Песчаная буря, бушевавшая всю ночь, к утру выдохлась, оставив после себя мир, умытый и преображенный. Ветер, еще недавно яростный хищник, превратился в ласкового зверя, который лениво перегонял по улицам последние струйки золотистой пыли. Воздух был свеж и прозрачен. Маркус любил такое утро. Город после бури казался чище, моложе, словно на один день сбросил с себя несколько веков тлена.

Он выбрался из дома мистера Николаса вскоре после рассвета. Дед еще спал, утомленный бессонной ночью — его старые раны всегда ныли в непогоду. Маркус двигался бесшумно. Он прокрался в кладовку, пропахшую сушеными грибами и пылью, и достал свою сумку. В нее он аккуратно уложил набор инструментов, который собирал по крупицам уже несколько лет: молоток с отколотой ручкой, ржавые щипцы, несколько отверток разного калибра. Затем он отрезал себе добрый кусок вчерашнего хлеба и сунул в карман пару сушеных яблок. Его тянуло в руины. Сегодня он был намерен исследовать остатки старой кузницы на другом конце города. Он слышал от деда, что там когда-то ковали лучшие мечи в округе, а значит, там могли остаться ценные металлические детали для его механизмов.

Путь лежал мимо подвала, где жила Кира. Маркус всегда делал этот небольшой крюк. Не то чтобы он собирался заходить — он знал, что по утрам Кира занята уходом за матерью, и не хотел ей мешать. Он просто проходил мимо, смотрел на низкое, запыленное окошко и чувствовал себя спокойнее от мысли, что она там, в своем маленьком, но уютном мирке. Это было частью его собственного утреннего ритуала.

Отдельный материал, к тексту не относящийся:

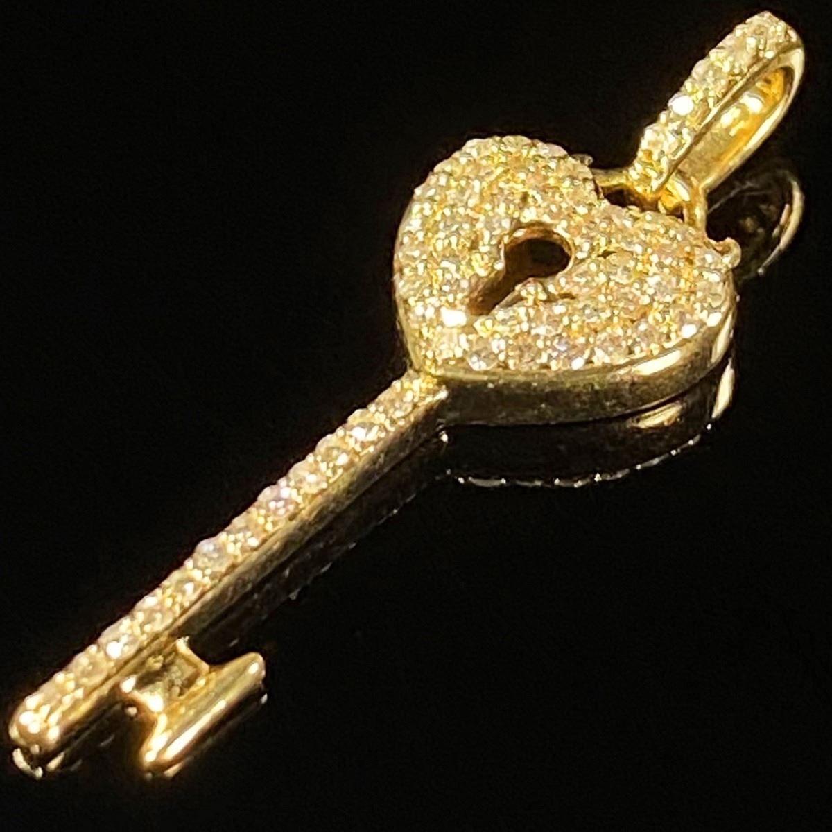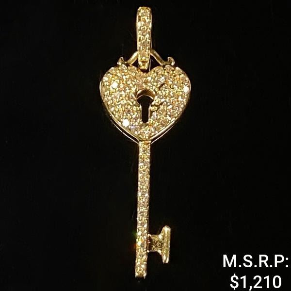 0.7 DWT 10 KT Gold Key Pendant w/ Diamond Lining

Но сегодня что-то было не так. Он почувствовал это еще на подходе. Воздух вокруг ее жилища казался другим — разреженным, пустым. Обычно оттуда, как казалось Маркусу, исходила едва уловимая аура тепла и жизни, даже сквозь камень. Сегодня же веяло могильным холодом.

Он подошел ближе. Дверь в подвал, всегда плотно прикрытая, была сорвана с петель и нелепо прислонена к стене. Проем зиял черной, неприветливой пустотой. Сердце Маркуса пропустило удар. Он бросился к проему, перепрыгнул через обломки и заглянул внутрь.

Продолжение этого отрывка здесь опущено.